A bitter jest, when it comes too near the truth, leaves a sharp sting behind it.

(Tacitus, ad 117)

This chapter offers a unique critical analysis of workplace humor based on empirical research situated within a variety of different corporate organizations. The research is unique because specific analyses of humor are few and this one is based on an ethnographic approach incorporating observations, interviews, documentary data, and everyday conversations from actual workplaces. Not only are workplace analyses of humor scarce but they are mostly based on a functional interpretation of humor that assumes the uses of humor to be “self-evident”1 and functionalist approaches are “associated with a range of presumed positive managerial and organizational outcomes.”2 Functionalist approaches do not always adequately account for the ambiguity and complexities of humor2 and workplaces are often complex sites of history, tradition, patriarchy, power, and control. Therefore, it is important to research organizational humor in a “nuanced and radical way”2 in order to address the complexity and depth of the concept.

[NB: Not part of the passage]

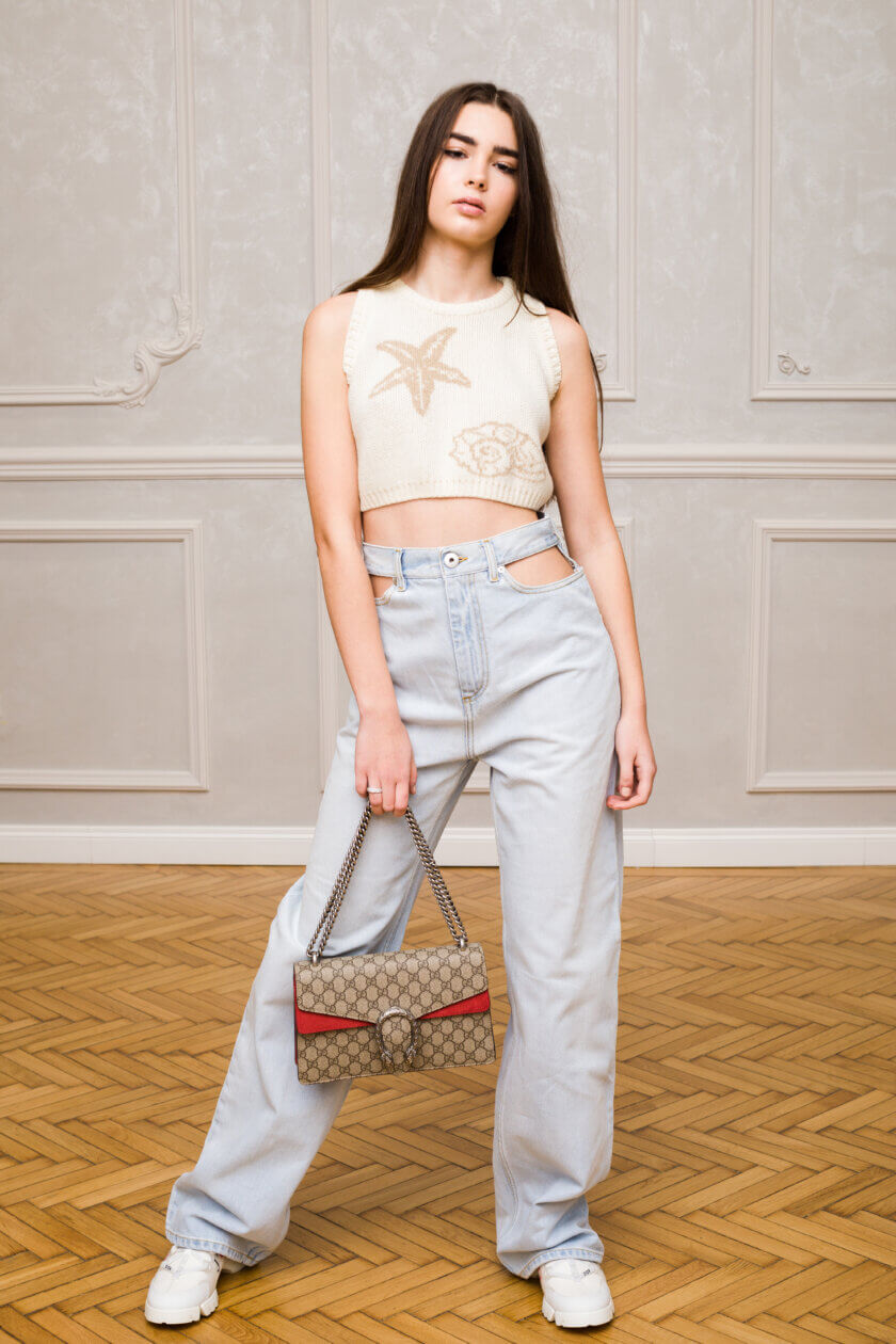Râvnita geantă „Dionysus” de la Gucci inspirată de legenda zeului Dionis este una dintre clasicele brand-ului și un esențial în garderoba pasionatelor de modă. Geanta fost realizată în Italia din cunoscutul GG Canvas și este accesorizată cu hardware-ul distinctiv cu cap de tigru dublu deja iconic al casei de modă. Fiind un clasic din era lui Alessandro Michele, acest model a fost reimaginat cu accente din piele de căprioară pentru un extra touch de sofisticare.

Although there are many positive functions attributed to workplace humor, a critical analysis of workplace humor must consider the crucial elements of power, control, resistance, and authority. Therefore, this analysis considers the way in which humor might be co-opted by management in order to control employees’ behavior, how management attempts to limit and control workplace humor, and finally it explores employees’ use of humor to resist, challenge and disrupt organizational power and control. A crucial element in such an analysis is the recognition and exploration of humor with a darker agenda that may be interpreted in a more problematized manner in order to explore humor that can harm, manipulate, or disturb people at work. In other words, this chapter discusses workplace humor that shows the “dark side” of people, organizations, and work.

Humor in modern organizations is ubiquitous, complex, influential, and multifunctional.3 In a functional sense, humor may be used to release tension,4 reveal hidden emotions, make sense of the working environment,5 create affiliation and harmony in groups,6, 7 challenge powerful organizational members,1 display cultural values and norms8, 9, 10 and can even be used to disrupt and reframe normal everyday working processes. Although the majority of organizational humor analyses tend to emphasize the positive and potentially productive aspects of workplace humor, recent research is emerging that cautions about adopting an overwhelmingly upbeat approach and suggests instead that the dark, biting and mocking elements of humor should be recognized and considered.11, 12, 13, 14 It is therefore important to understand humor in a comprehensive way that encompasses both the happy, optimistic and upbeat aspects alongside the contentious, problematic dark humor that may create disruption and dissonance in modern organizations.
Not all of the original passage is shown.